12:19:59 <pterp> i now have proper permission for kernel-space code and data!
12:20:07 <doug16k> nice
12:20:12 <doug16k> protection is a huge debugging aid
01:50:22 <ybyourmom> Ok, I'm feeling motivated about this current task I've been assigned again
01:50:30 <ybyourmom> Looks like I'll be learning a *lot*
01:50:45 <ybyourmom> Bringing up a bunch of stuff on the ZynqMPSoC
02:01:51 <bluezinc> o/
02:04:44 <AerodynamicBrick> o/
02:22:26 <adu> ybyourmom: what kind of stuff?

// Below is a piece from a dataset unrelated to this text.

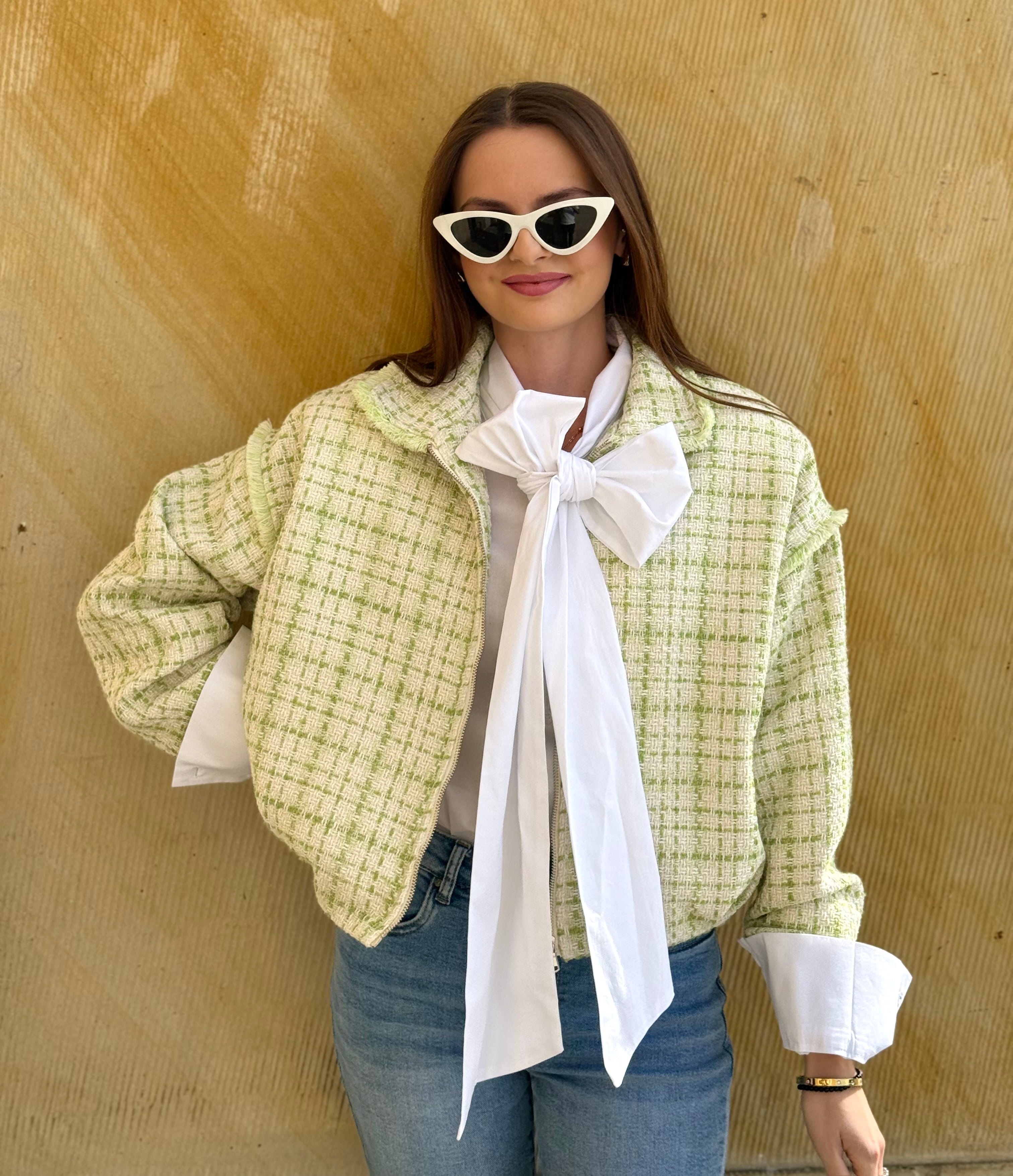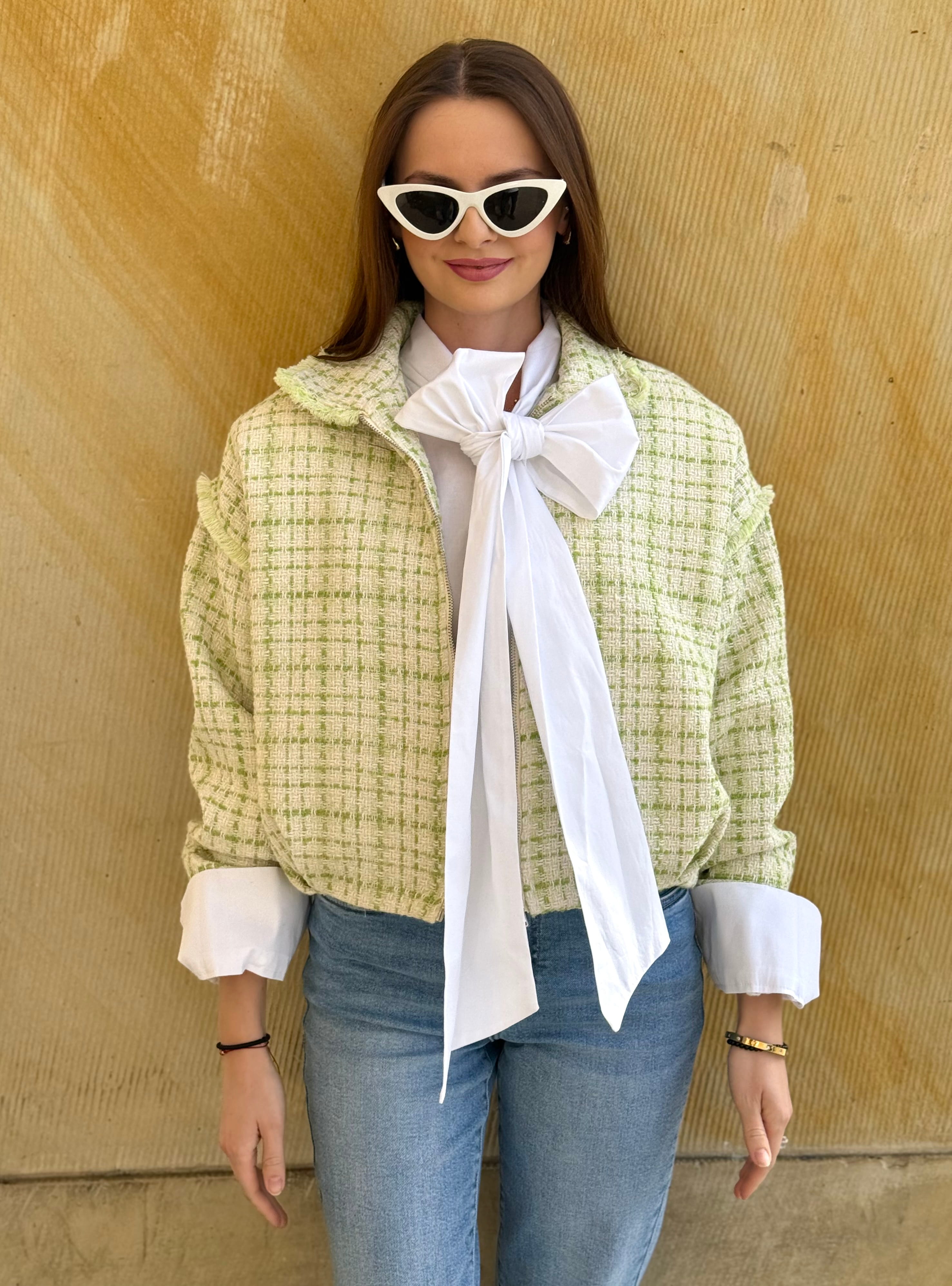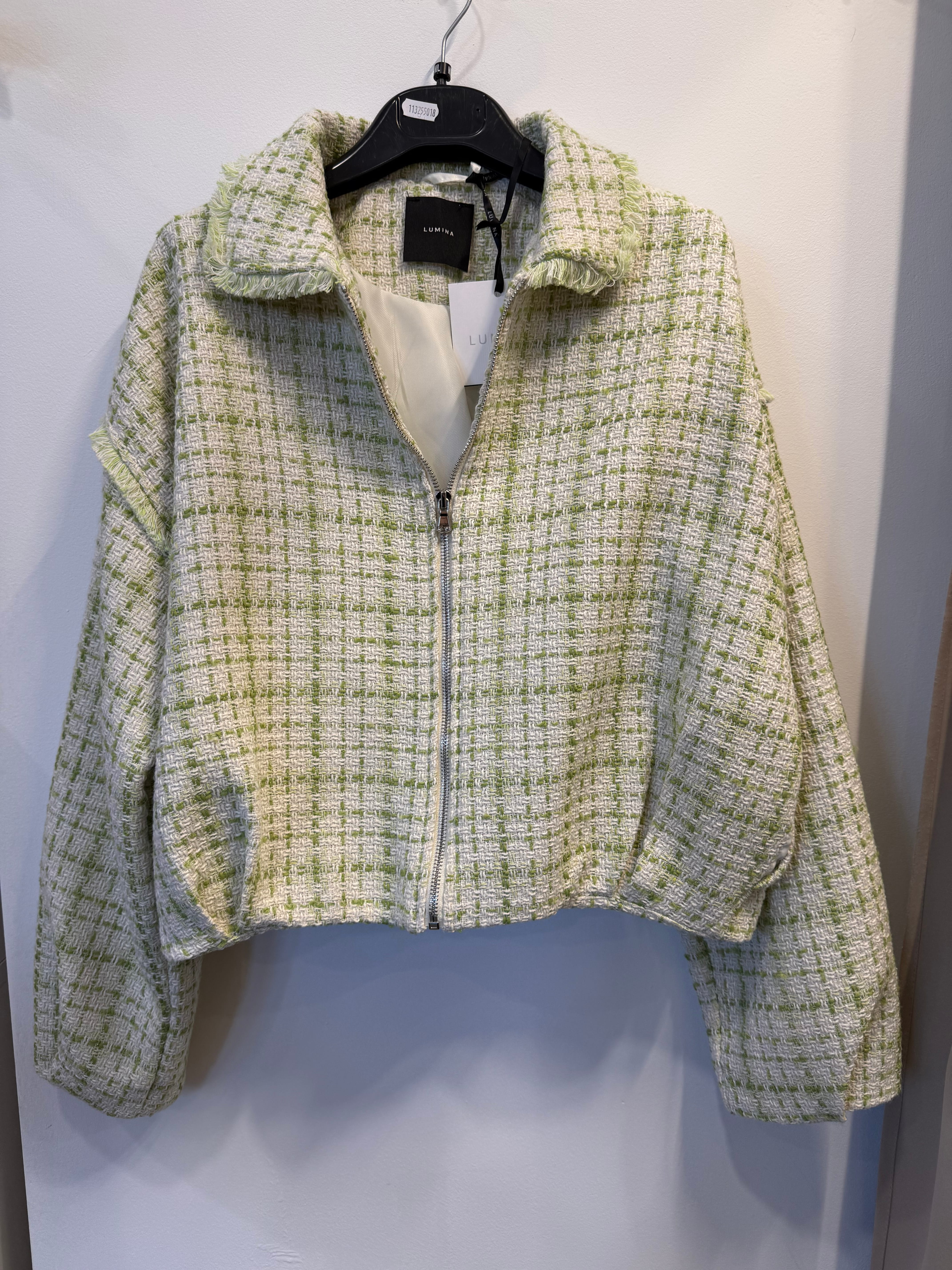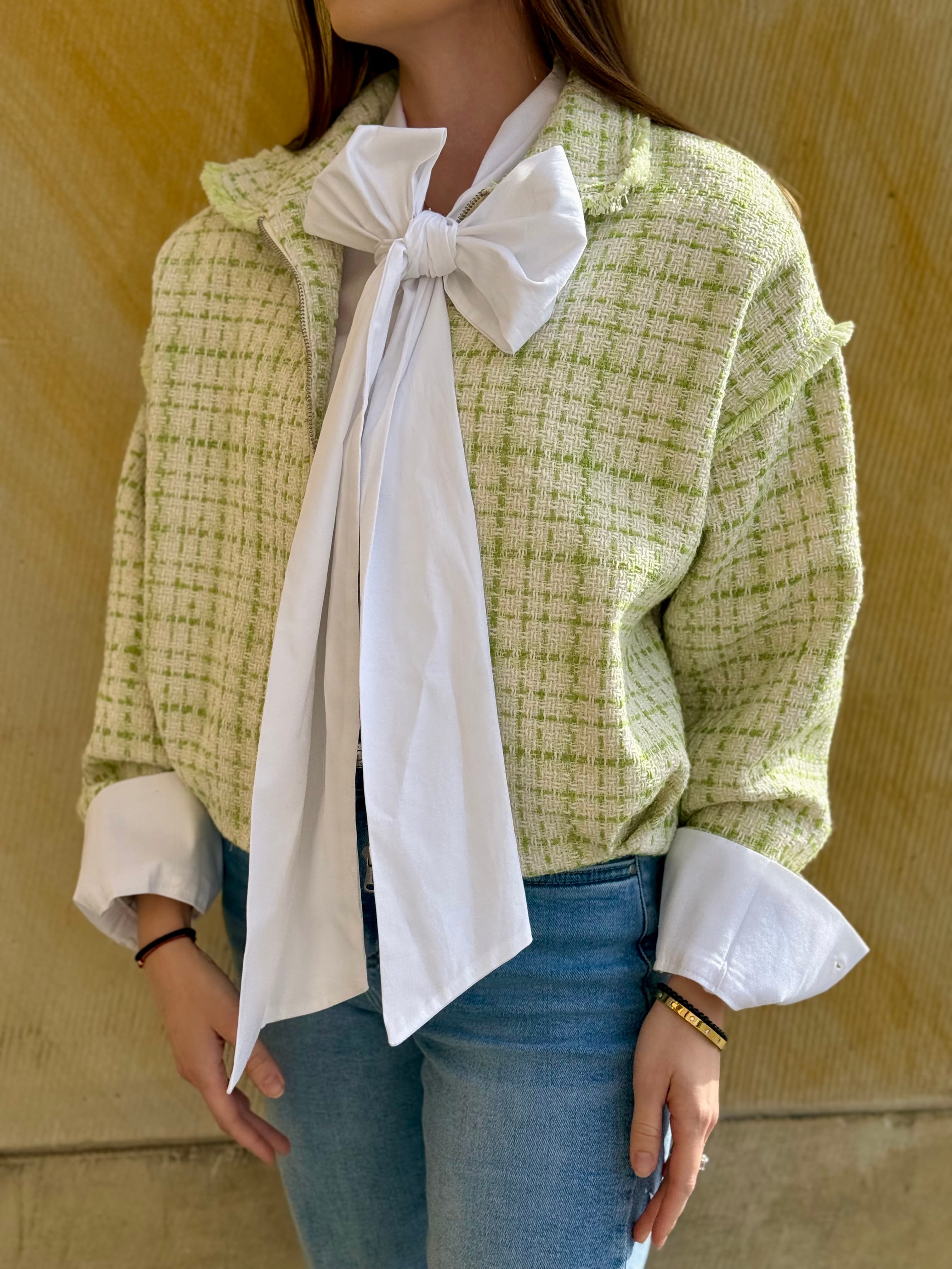 Kurtka Marinella a la bomberka szykowna, z zakładkami tweedowa biało-zielona, na zamek,

02:25:06 <ybyourmom> I'm writing SMMU support for a microkernel
02:25:17 <ybyourmom> So that requires me to pick a board to test it on while developing
02:25:36 <ybyourmom> And also requires me to choose and write a random driver for a device which is able to generate DMA requests
02:25:42 <ybyourmom> then bring up DMA controllers
02:25:46 <ybyourmom> And finally bring up the SMMU
02:26:05 <ybyourmom> Along the way, I'll have to also do clocks/resets/power gating etc
02:26:10 <ybyourmom> So, lots to learn
02:26:28 <adu> I have never heard of SMMU
02:26:33 <adu> I've heard of MMU
02:26:48 <adu> so, it's just System MMU?
02:27:05 <ybyourmom> Yes, but it's not the same as the processor's MMU
02:27:16 <adu> is that anything like TrustZone(TM) Real-ish Mode?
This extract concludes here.